Rating: Summary: Good Story but too many stereotypical characters Review: There is much to like about this book. Sullaway is a descriptive, analytical writer who can combine scenery with reflection. There sure is plenty of time for reflection while adrift emotionally, and at sea, as Sullaway is in this book. In the dramatic ending, the author manages to weave meaning into seeming disconnected events.
Maps, hand drawn and almost piratelike, contain clues about about adventures in the book: Three Kings, Glasshouse Mountains, ominous sketches of sharks and cyclones.
Yet for all that, the characters in this book are far too stereotypical and undeveloped. Mick is just another burned out Vietnam Vet; Clari a bitchy British wife born into wealth and irrelevance who married for adventure. Squids is the scrawny but tough runaway kid who ends up at sea. Reading this book you have to ask: aren't there any NORMAL people in the South Pacific?
Like clouds gathering for a storm, the first references to Sullaway's troubled past come in floating sentences and afterthoughts: her fathers' polio, the nuns at her school. Still they are drowned in seafaring stories that are more like disjointed narratives. Only after reading the book a second time did the foreshadowings become powerful to me. Its almost like the author saves TOO MUCH for the end.
Sullaway becomes so cynical the only true pain I feel in this waterborne litany of recycled memories is when she blew off Richard in Brisbane, only to find Katy and Tom weren't in Bundaberg after all. At Innisfail she turns into Dr. Phil with an australian accent. It is too bad; because she shows true mental strength in Weipa, staring down an 'Abo' beating on his wife.

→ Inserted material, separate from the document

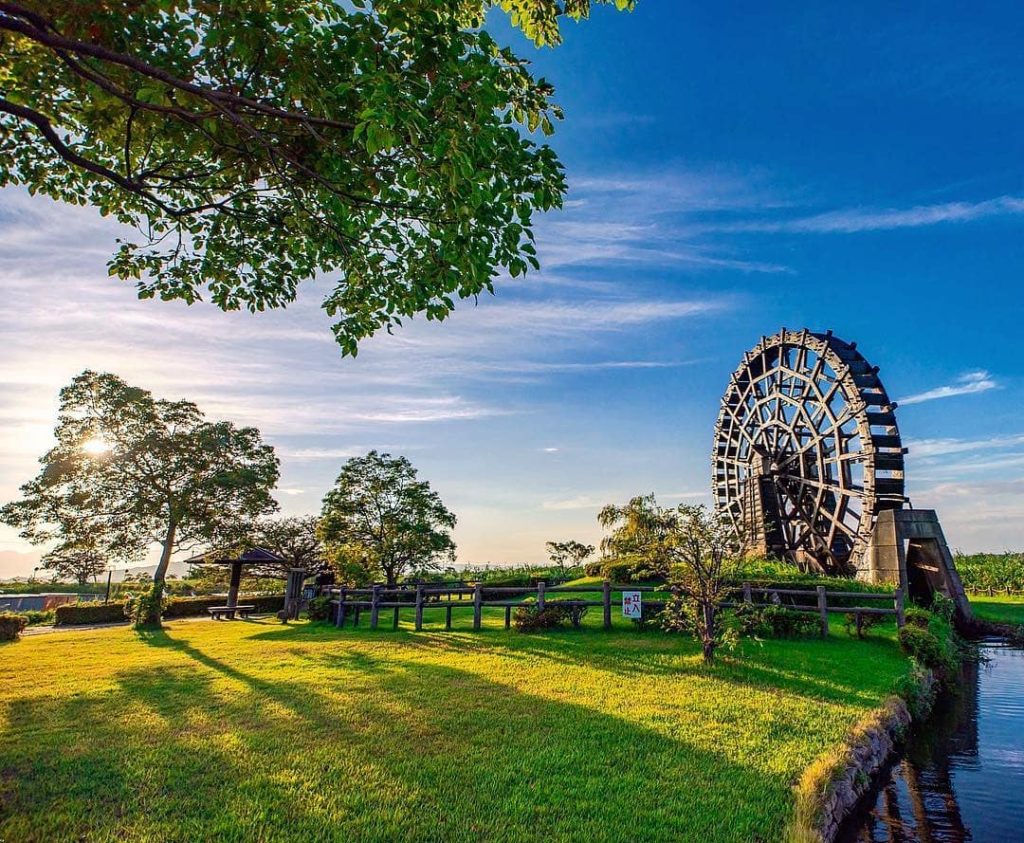Notogawa Waterwheel and Canoe Land on Lake Ibanai, a lagoon on the east side of Lake Biwa, is a great picnic spot especially on a day like this. The symbolic 13 m (43 ft) Notogawa #Waterwheel is one of the largest of the kind in the country. There are Canadian canoes, kayaks, pedal boats, and fishing boats you can have fun with.

Overworked mentally and physically as a cook and deckhand on the prawn trawler, Sullaway's past was able to come thru without being filtered first by her politically correct takes on Catholicism and its priesthood. Her dreaming---snakes as a metaphor for the groping hands of a priest, for the slithering guilt of original sin, for hands around her throat---crystallizes with stunning effect on the reader in the final pages.

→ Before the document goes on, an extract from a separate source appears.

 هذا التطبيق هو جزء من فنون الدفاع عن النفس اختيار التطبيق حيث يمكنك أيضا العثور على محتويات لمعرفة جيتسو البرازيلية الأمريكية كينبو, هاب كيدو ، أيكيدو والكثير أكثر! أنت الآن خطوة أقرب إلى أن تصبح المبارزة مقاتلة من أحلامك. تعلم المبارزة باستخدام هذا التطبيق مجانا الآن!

A book sure can be hoky when the climax comes in the last few paragraphs, but not Sullaway's. The snake pattern on the Didgeridoo; the pilots' recovery from the sea snake bite from the Abo healer; the ocean covering her troubled past. Sullaway touched her dreamtime and cast off her memories as easily as they threw the squirming mess of seacreatures back into the ocean after they sorted out the prawns. Having faced her worst fear, the snake saved her life. The snake saved the book as well, for which Sullaway should be grateful.